I go to shut the door again, but Romy plasters her hand on it. “What if it wasn’t?”
“Wasn’t what?”
“I see the way he looks at you, and I know you do too. You guys play these weird games with each other.”
I try to push the door shut again, but obviously she’s been doing some hardcore strength-training classes. “We were drunk. Stop romanticizing it, Romy. It was a stupid mistake that no one will ever find out about. We’re both taking this to our graves.”
A smile teases her lips. “I think you’re wrong.”
“Because you believe there’s such a thing as true love. That one day your white knight is going to gallop onto Plain Daisy Ranch and confess how he’s searched every square mile of land to find you.”
She giggles at the thought of it, and I seize the chance to finally slam the door shut and flick the lock.
Through the wood, her dreamy voice calls, “Just think about it, Lottie. The brother of the man who shattered your heart and your belief in love could be the one who pieces it back together. It’s so perfect, it could be a book.”
“Get your head out of the clouds, Romy, and come back to earth. It doesn’t work like that.”
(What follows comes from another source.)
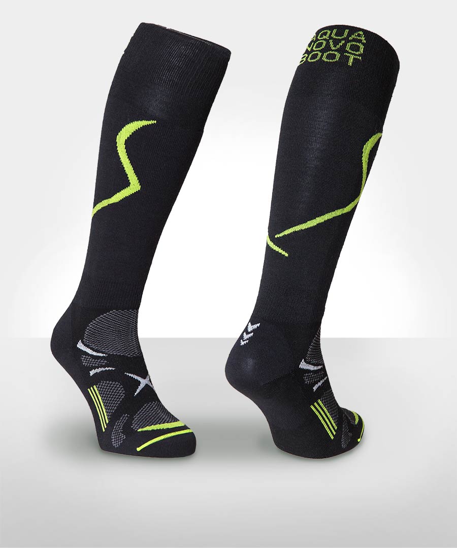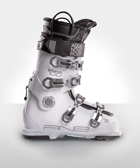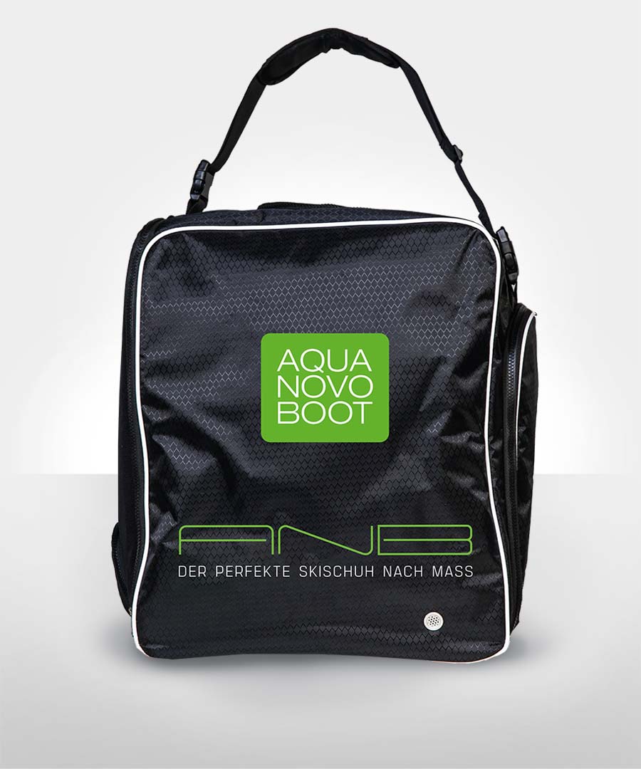 Die drei Komponenten des AquaNovoBoot – individuell angeformte Skischuhschale, geschäumter Innenschuh und anatomische 3D-Einlegesohle – werden erstmals gleichzeitig angefertigt. Dabei ist die Anfertigung des Maßskischuhs spektakulär: Sie findet im Wasser statt, in unserer patentierten „Bootbox“. Dies ist eine Plexiglasbox, die mit Wasser gefüllt ist und über Druckluft arbeitet.

I strip out of my dress and step under the hot spray of the shower, letting the water wash away the night, the memories, and most of all—Romy’s happily-ever-after fantasies.
Because real life doesn’t work that way.
It never has.
Chapter Four
Brooks
I thought maybe Bennett might take a nap, and I could bail on breakfast with him. No such luck. My new BFF is stuck to me like glue today.
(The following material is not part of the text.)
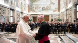 Papa Francesco riceve in Udienza gli organizzatori della Mostra riguardante la storia dei Giubilei dal titolo “Antiquorum habet”, che ha avuto luogo presso il Senato della Repubblica Italiana dal 13 marzo al 2 luglio 2016. Una mostra che ha caratterizzato il Giubileo Straordinario della Misericordia qui a Roma.

We’ve eaten breakfast—where he couldn’t shut the hell up about those damn quiches. Then we walked the Strip and did some shopping, him buying Wren a souvenir—or five to make up for not going to Hoover Dam and taking pictures for her since he couldn’t get a rental.
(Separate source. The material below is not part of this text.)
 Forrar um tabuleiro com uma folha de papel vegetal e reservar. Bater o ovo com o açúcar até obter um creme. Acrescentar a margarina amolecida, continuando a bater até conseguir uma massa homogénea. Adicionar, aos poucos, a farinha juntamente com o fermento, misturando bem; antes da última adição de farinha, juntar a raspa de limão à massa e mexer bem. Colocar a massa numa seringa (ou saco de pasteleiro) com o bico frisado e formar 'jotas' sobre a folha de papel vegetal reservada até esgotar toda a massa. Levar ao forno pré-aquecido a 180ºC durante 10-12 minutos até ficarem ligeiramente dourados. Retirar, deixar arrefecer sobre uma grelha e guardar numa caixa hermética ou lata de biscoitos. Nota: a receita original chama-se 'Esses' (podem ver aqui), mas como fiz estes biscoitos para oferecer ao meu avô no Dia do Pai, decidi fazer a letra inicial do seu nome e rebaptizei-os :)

I tried to suggest that maybe he call Lottie to meet up with us, but he didn’t take the bait, and now we’re walking into the lunch that Emmett and Briar put together before we ride to the airport to fly back to Willowbrook.
Lottie hasn’t messaged me, and it guts me when we walk into the restaurant and she’s not there yet. There’s so much I need to say to her. Things I should’ve said before last night.
“Nice disappearing act.” Ben shoulders up to me as we all wait for the hostess to make sure our private room is ready. “What happened with you and Lottie last night?”
Ben’s my best friend. I can trust him, but this situation is sticky, and there are some things I have to say to her first.
“Nothing.”
He rocks back on his heels, eyeing me as if I’m going to crack. He probably knows we hooked up, which honestly, I don’t even know if we did.
The fact that I could’ve finally touched Lottie, kissed her, and not remember? It’s the cruelest kind of punishment.
“Okay.”
“That’s it?” I should let it go like he is, but that’s never been my style. Sadly.
“I don’t really want to hear any details when it comes to my cousin anyway.”
He’s either being a solid best friend by not calling me out, or he really thinks we went our separate ways last night.
“Then maybe we can talk about Danson’s quiche obsession.”
Ben laughs. “Shit, he’s over there trying to convince Jenson to make them.”
Sure enough, I glance at Ben’s other cousin, and Bennett is talking and demonstrating with his hands the same way he did to me on the elevator ride down to breakfast this morning.